A sincere pleasure to know you Harvey.
Not to far down the road from the factory where Harvey works is a 24 hour restaurant, part of a national chain. When you walk in, you notice a plaque on the wall that congratulates the manager for being at this restaurant fifteen years.
Her name is Debbie, and you can tell she loves her job. The restaurant is almost family to her. She told me how she enjoys working with older teenagers, helping them learn the "benefit of hard work." And obviously the rewards of hard work.
Debbie has actually been at the restaurant for 20 years. She first began work there as a waitress.
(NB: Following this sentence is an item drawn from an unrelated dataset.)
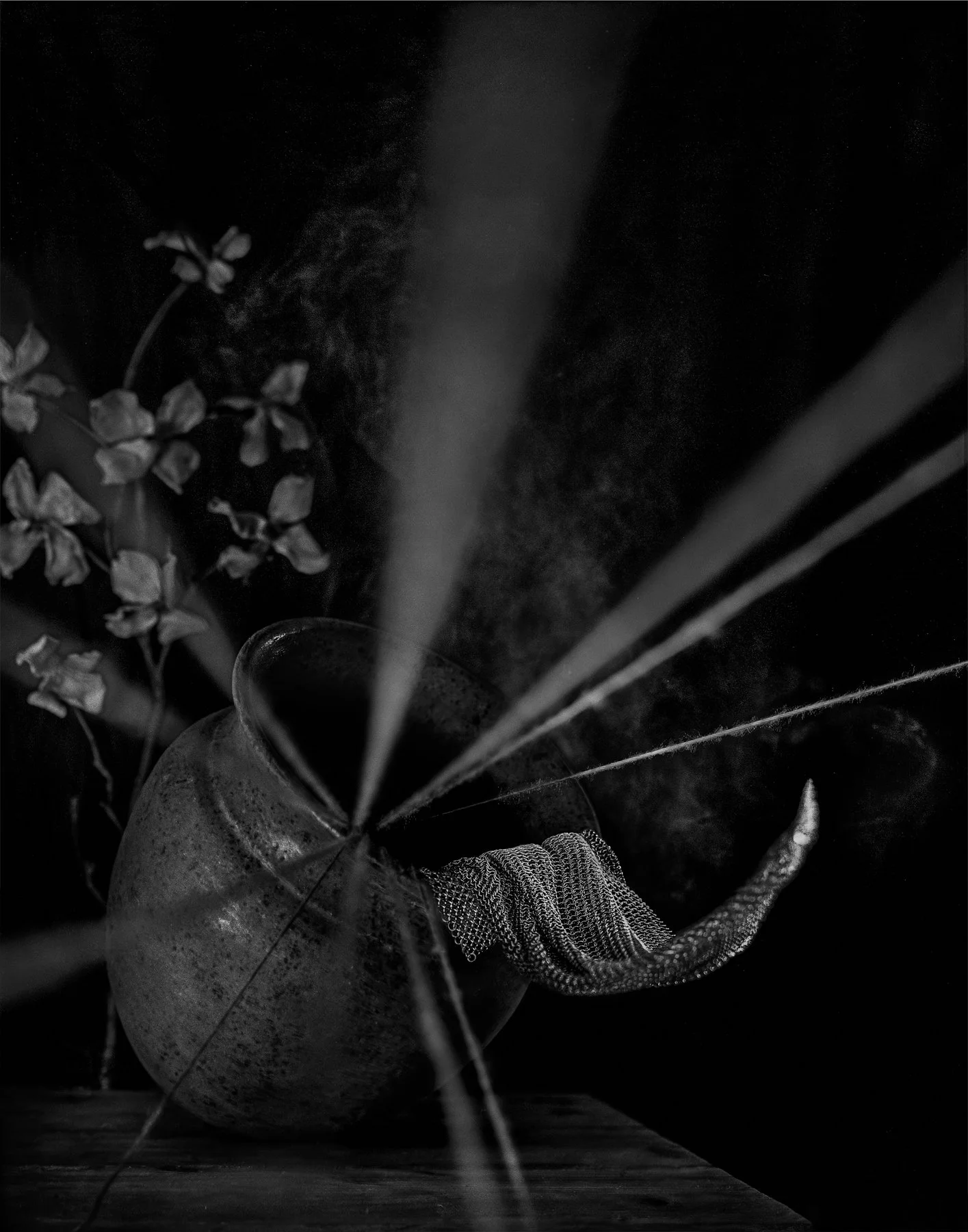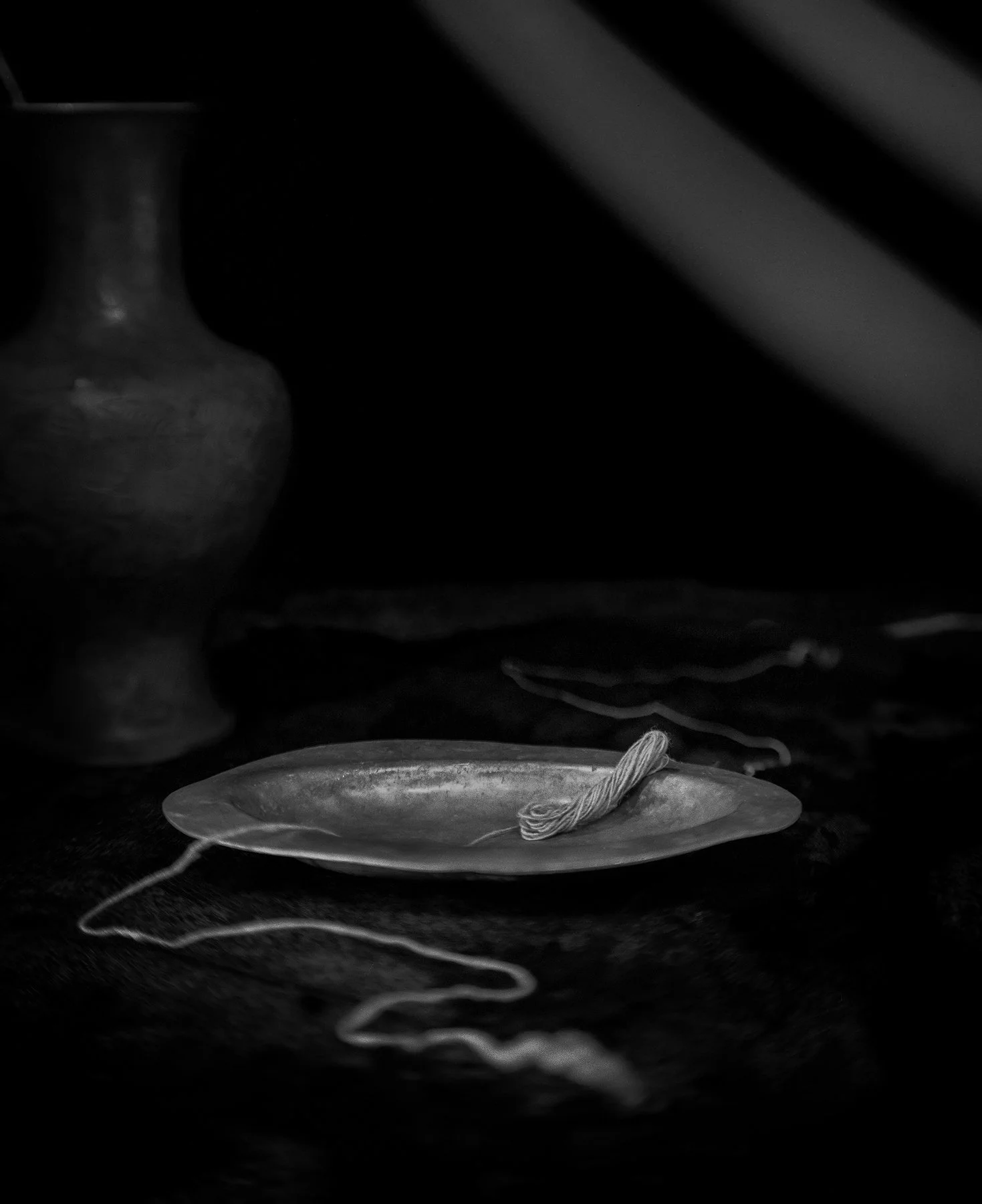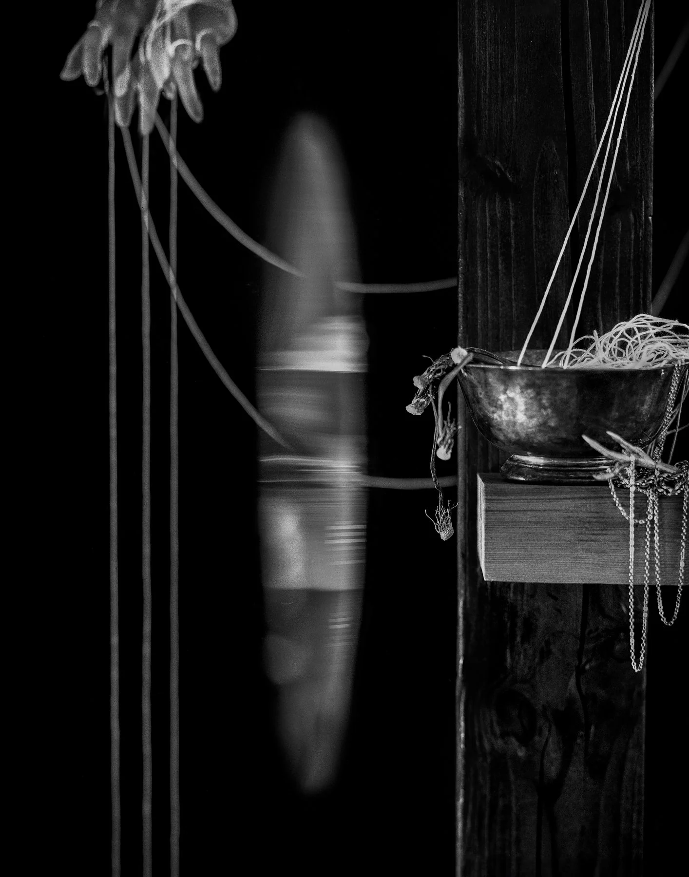 They are objects capable of holding history and contradiction—found, forgotten, and lost: a bundle of twine handmade of rose stem fibers and dog fur, an abandoned silver tray half buried in the woods, a brass urn with traces of ash, glass, stone, wood, bone, a bit of lace from who knows where. Elemental, organic, and fluid in time and significance. They touch on hegemonic value systems embodied in easy associations, but resist oversimplification. They become characters with their own bodies, memories, and complexities that can’t be reduced to easy generalizations.

Doesn't that represent a part of American that is seldom talked about today? The idea that with effort, the right attitude and determination, that anyone can succeed. From waitress to successful manager. That is the spirit of America that we so desperately need to be lifted up.
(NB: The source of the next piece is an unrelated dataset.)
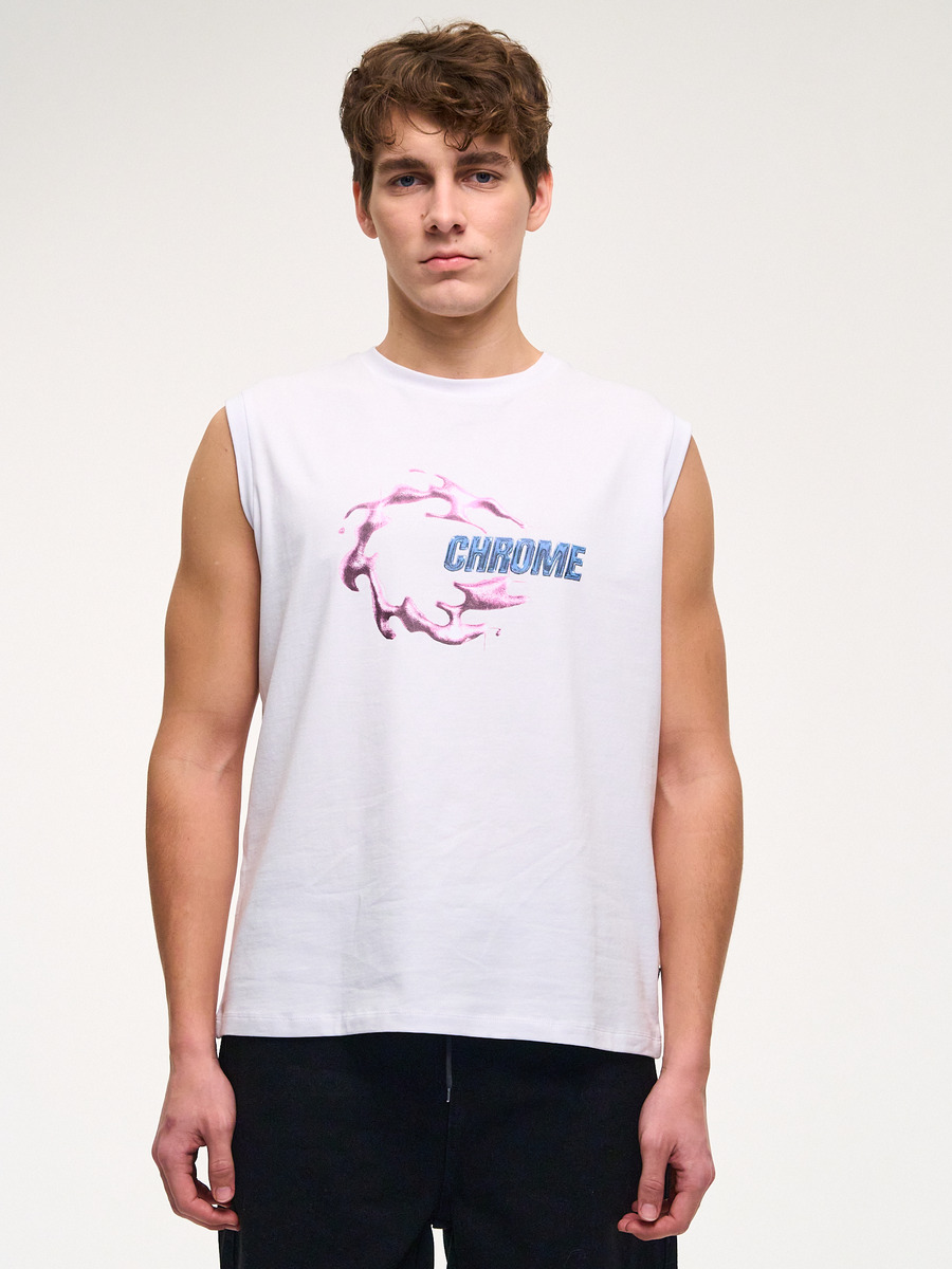 Майка для мальчика оверсайз - незаменимая вещь в летнем гардеробе тинейджера, который следит за последними трендами моды! Базовая футболка выполнена из премиальной хлопковой ткани с добавлением лайкры. Актуальный свободный крой и яркий винтажный принт "хром" выделят Вашего ребенка из толпы и подчеркнет его идентичность!

Some on the left tell us that America has lost that benchmark, the foundational belief that success is available to all.
I don't think so.
Then there is Grant. A tall, handsome broad-shouldered young fella, (age 30 is young to me) with a pleasant smile and excellent sense of humor.
Grant tells me that after high school, he asked a local construction company if he could work for them and learn how to drive the big equipment. Now Grant manages a huge shipping operation most days from four to midnight. Dozens of workers, equipment operators, and drivers, are given their minute by minute instructions, and Grant handles it with ease and grace.
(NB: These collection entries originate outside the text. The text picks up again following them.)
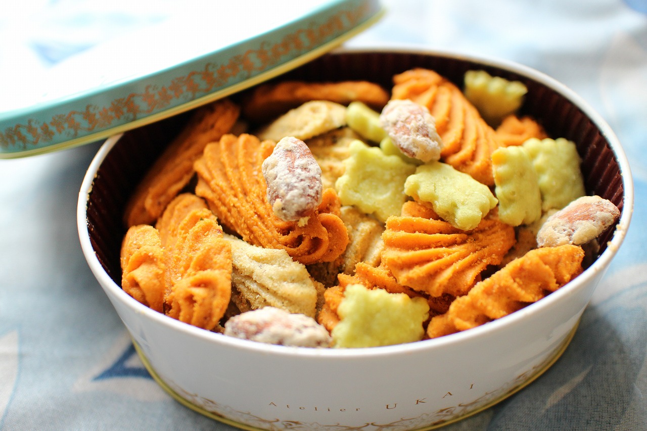 「スパイスは厳選されたものを独自にブレンドし、煎って香りを出してから加える」、「野菜のピュレは一手間加えてコクを出してから用いる」など、うかいグループのレストランで培った発想を生かした料理のような味わいが魅力のクッキーです。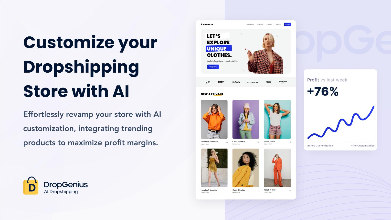 DropGenius stands out in the e-commerce platform space with its cutting-edge AI technology. This tool enables you to launch a profitable dropshipping store in mere seconds. It automates the customization process and ensures your store is stocked with trending products.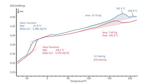下圖為熱塑性聚氨酯(TPU)樣品的測試結果。一次升溫過程中,玻璃化轉變出現在 -42°C,為樣品中鏈段的軟化過程。一次升溫過程中在 100°C 到 210°C 有兩個吸熱峰,二次升溫過程中只檢測到其中一個由熔融(熱塑性組分)引起的可逆轉變(7.40J/g),不可逆轉變的峰(207°C)為易揮發(fā)組分或添加劑的揮發(fā),這種揮發(fā)導致玻璃化轉變溫度升高,二次升溫過程中檢測到玻璃化轉變溫度為 -28°C。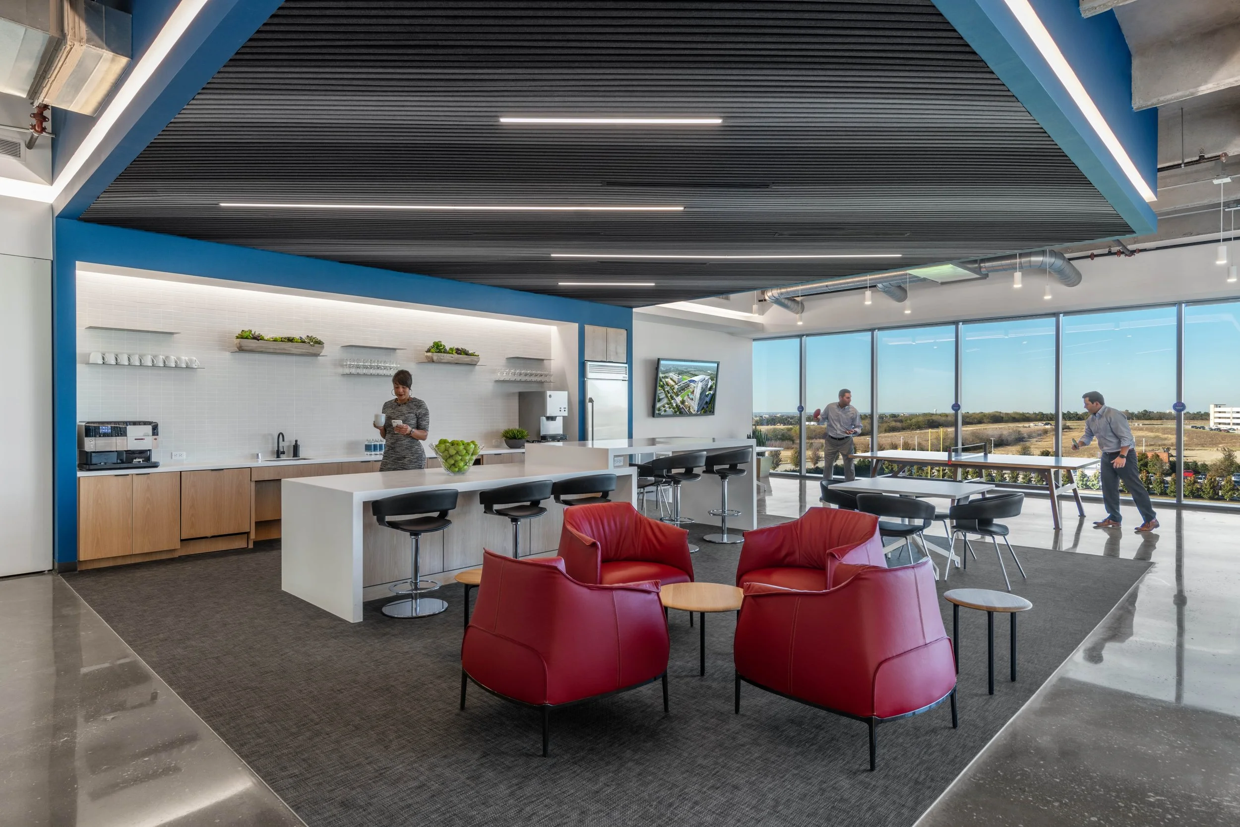 To bring the company’s culture to life, the design team introduced a hospitality-driven breakroom tailored for entertaining. Built to host Monday Night Football watch parties, the space includes a custom acoustical ceiling to manage sound and add visual interest. Lounge seating, bar-height tables, and a full kitchen make it feel more like a modern social club than a traditional break area.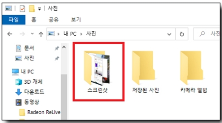 - 내 PC -> 사진 으로 이동하면 스크린샷 폴더가 생성되고 이곳에 캡처 사진이 저장됩니다.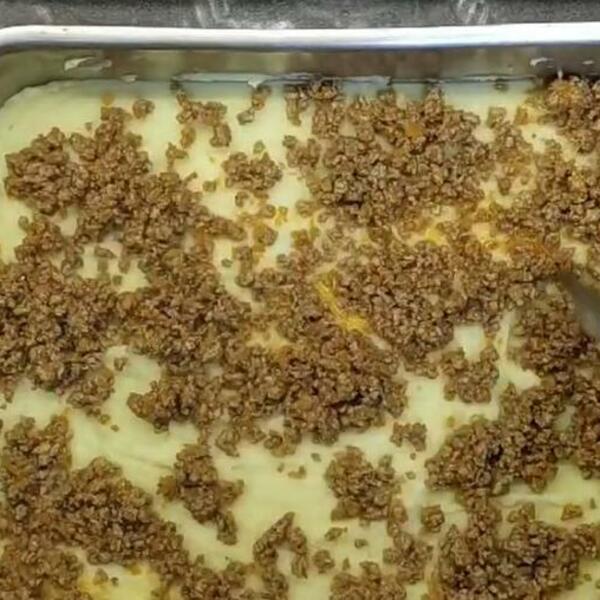 Brašno se przi dok ne dobije zlatnu boju, dodaje se lagano buljon i nakon toga mleko i so, sve se dobro promeša, da bi se dobila gusta homogena smesa. Sa njom se preliva musaka i peče dok ne porumeni.
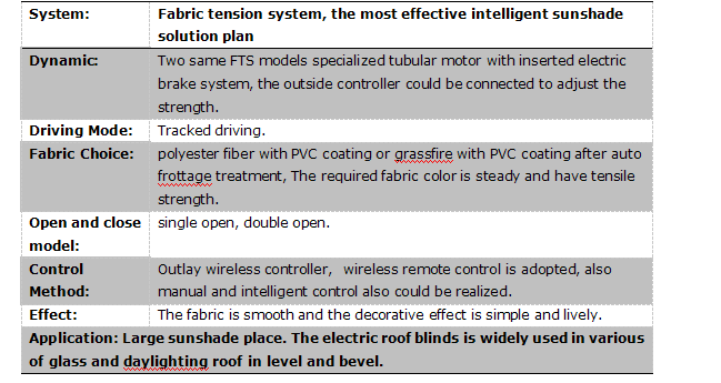 FTS天棚簾特別適用于普通電動卷簾無法安裝的彎曲、傾斜的場合,整個系統(tǒng)由驅(qū)動系統(tǒng)、面料和控制系統(tǒng)三部分組成,驅(qū)動系統(tǒng)采用2個FTS專用管狀電機(jī),分別安裝在兩條卷管中,面料一端固定在其中一條卷管上,固定面料另一端的鋼絲繩卷曲在另一條卷管的卷繩器上。這兩臺電機(jī)通過一個專用的控制器協(xié)調(diào)工作,其中一臺電機(jī)提供面料運(yùn)行的動力,另一臺電機(jī)的剎車同時工作,提供一定的阻力拖住面料,避免面料下墜,天棚完全打開后,面料會卷在其中一條卷管上,運(yùn)行中或停止時面料均有張力,可制作大面積的平面或弧形面的天棚簾系統(tǒng)。

When I talked with Grant, he had just returned from a episode outside where a piece of big equipment had failed. Quickly under Grant's direction, four men, all older than him, work to fix the emergency.
Grant smiles. "I really like it when there are challenges like that. Things happen, somethin' breaks or needs fixin' in a hurry. Gets ya pumped up."
I bet it does Grant.
I look at young people like Grant when the media wants to show me the Occupy Wall Street young people.
I think folks like Grant better represent the future of this country than the spoiled crybabies we see squatting on Wall Street.
And under a system of freedom one must choose to be productive.
Some people Grants' age made the decision to borrow forty or fifty grand to get a degree in Women's Studies or Philosophy. (What are you gonna do, open a Philosophy Store?)
I see folks like Harvey, Debbie and Grant everyday, and if you take a look around, you run into them too.